*** Opening INFORMATION SUPPLIED ***

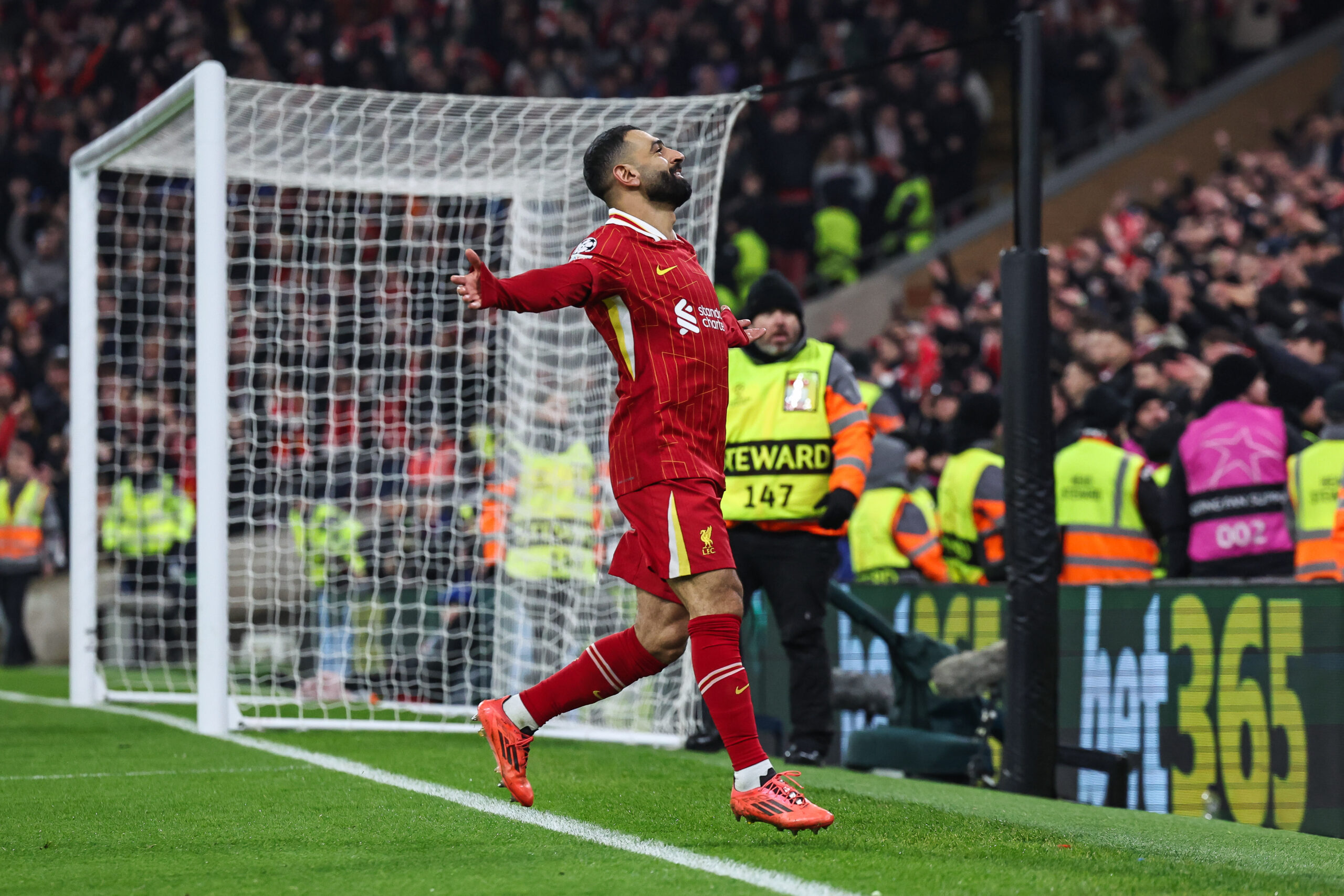 Mohamed Salah of Liverpool celebrates his goal to make it  1-0 during the UEFA Champions League - League Stage Liverpool v Lille at Anfield, Liverpool, United Kingdom, 21st January 2025
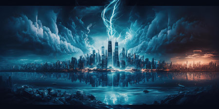 Destructive and powerful thunder storm strike metropolis city with thunderbolt. superlative generative AI image.
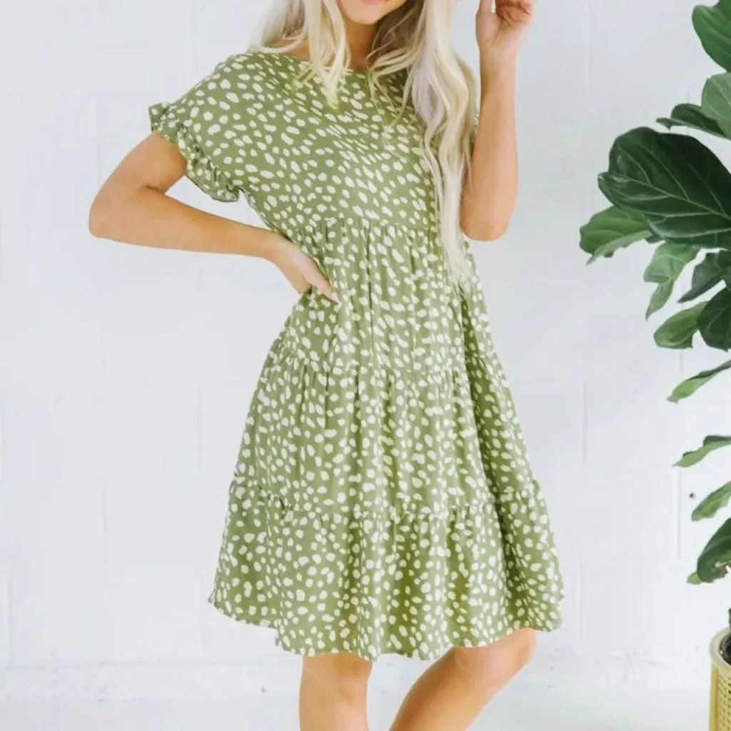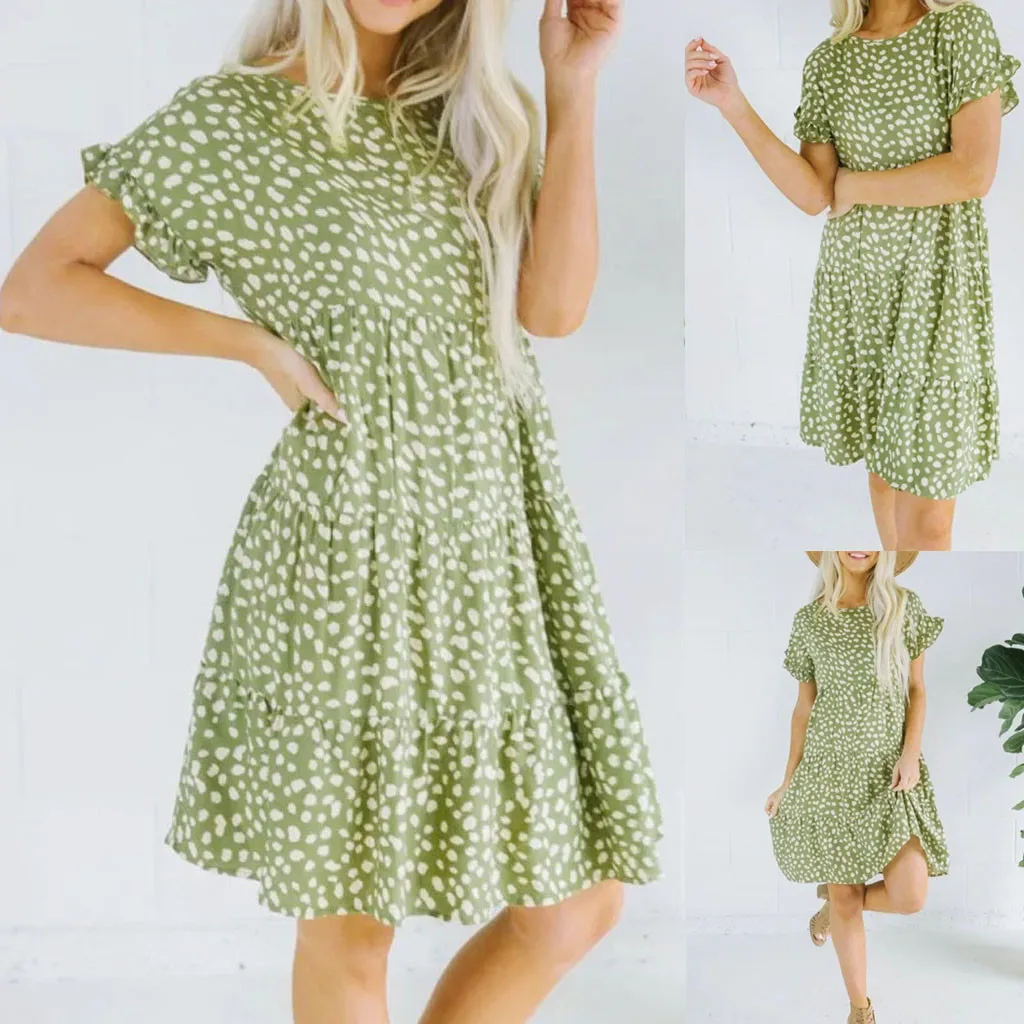 Женское мини-платье с круглым вырезом, коротким рукавом и волнистым принтом
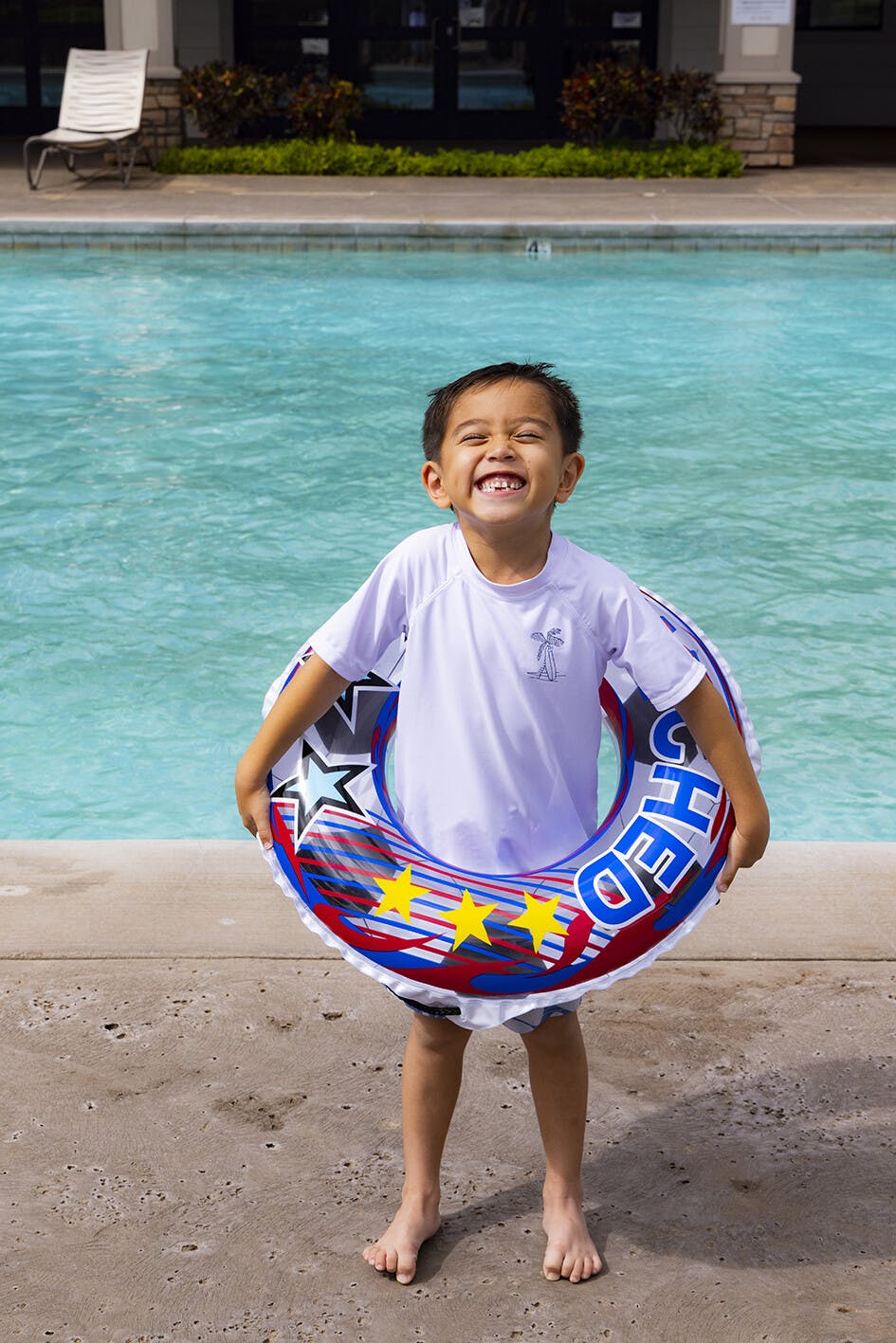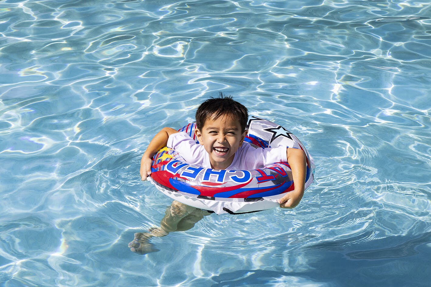 対象年齢4歳~8歳くらいのお子様に最適!。膨らんだ状態のウキワの内周は約85~90cmです。ロープ付き。空気の注入と排出が簡単!「かんたん空気栓」採用。

*** Closing INFORMATION SUPPLIED ***

**WORK TASK**
Word-for-word transcript, pictures excluded: copy all the material above.

**ANSWER SPACE**
 Mohamed Salah of Liverpool celebrates his goal to make it  1-0 during the UEFA Champions League - League Stage Liverpool v Lille at Anfield, Liverpool, United Kingdom, 21st January 2025
 Destructive and powerful thunder storm strike metropolis city with thunderbolt. superlative generative AI image.
 Женское мини-платье с круглым вырезом, коротким рукавом и волнистым принтом
 対象年齢4歳~8歳くらいのお子様に最適!。膨らんだ状態のウキワの内周は約85~90cmです。ロープ付き。空気の注入と排出が簡単!「かんたん空気栓」採用。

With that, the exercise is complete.